Like any business, it pays to buy in bulk or as much bulk as you can. The limits are space on the boat and the capacity to carry what they buy the distance from wherever they are buying to where they are moored. Often this means moving the boats as near as possible to the cash and carry or supermarkets as they can, but that can risk losing what could be a prime location for trading, so it is a delicate juggling act. If there are two traders who know each other well, one may stay on the mooring whilst the other moves a boat to near the shops.
In Mark’s case, he needs slush syrups, cans of drink, ice cream, toppings, and snacks. For Spuddies, they need…spuds (boxes or sacks of them), toppings of a different kind ranging from butter to beans in large quantities, chilli and curry, and loads of cheese. Jo likes a grated mix of mozzarella combined with cheddar mix for melty deliciousness.
Together, this week, we did the cash and carry, and we did the supermarkets with the car. It still meant though that everything they bought, every box of cans or spuds had to be carried from the car up a path, up the steep steps of a footbridge, over the bridge and down the other side before being transported along the towpath to the boats.

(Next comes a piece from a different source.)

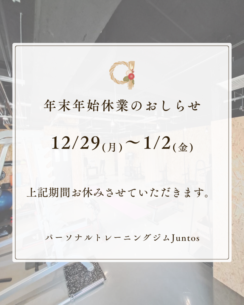 Juntosのトレーニングは、決まったメニューをこなすだけのものではありません。 お客様一人ひとりの骨格、ライフスタイル、そして「どうなりたいか」という目標を丁寧にヒアリングし、あなただけの「完全オーダーメイドプログラム」をご提供します。「自分史上、最高の身体」を手に入れ、自信に満ちた毎日を送ってほしい。 その場限りではない、あなたの人生に寄り添う”一生涯の健康パートナー”として、全力でサポートすることをお約束します。どんな小さなお悩みでも、まずはお気軽にご相談ください。 あなたにお会いできる日を、心から楽しみにしています。
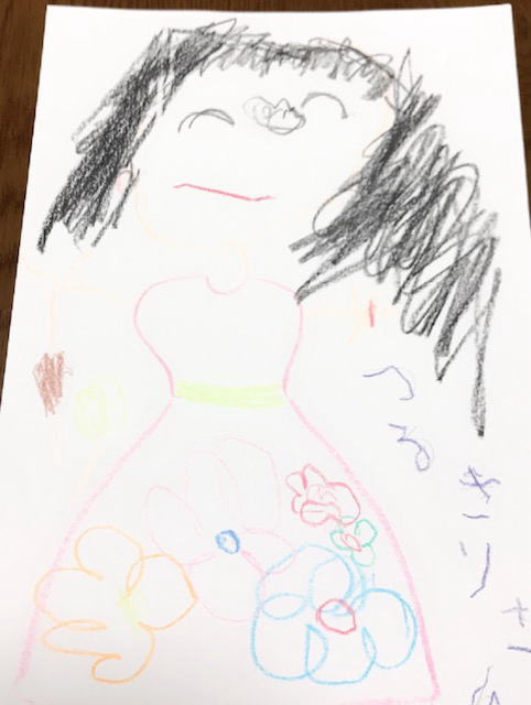 写真は先日書いてくれた私の似顔絵です。髪の毛の感じがMちゃんのイメージ通りですね♡

Not for them the luxury afforded to bricks and mortar businesses who just whizz to a shop, buy what they need plus some extras to see if they sell!
Mark, bless him, also lugged me a bag of coal onto the boat. I’m hoping that will mean we’re now into a heatwave, having bought yet another bag of fuel for the stove! I thought the last one would be the final one, but the evenings are still pretty chilly.
This Bank Holiday weekend if you’re in the Greater Manchester area, treat yourself to a visit to the Leeds Liverpool Canal at Pennington Flash and do visit The Slush Boat, and Spuddies – you can be assured of a warm welcome and I can personally guarantee they’re stocked up and ready for you!
Across the country this weekend, there will be floating markets – with foods and all manner of goods for sale. I won’t be trading this weekend (I’m having a new adventure instead) but there are markets at St Richard’s Canal Festival at Droitwich; Norbury Canal Festival at Norbury Wharf; Berkhamsted; Burton on Trent and in London at Little Venice there’s the amazing Inland Waterways Association Canalway Cavalcade. There will also be trading and a chance to enjoy the waterways at other locations – do explore what’s available near you. They all offer unique beautifully made items, a great experience, often brilliant bargains, and a tasty treat or two.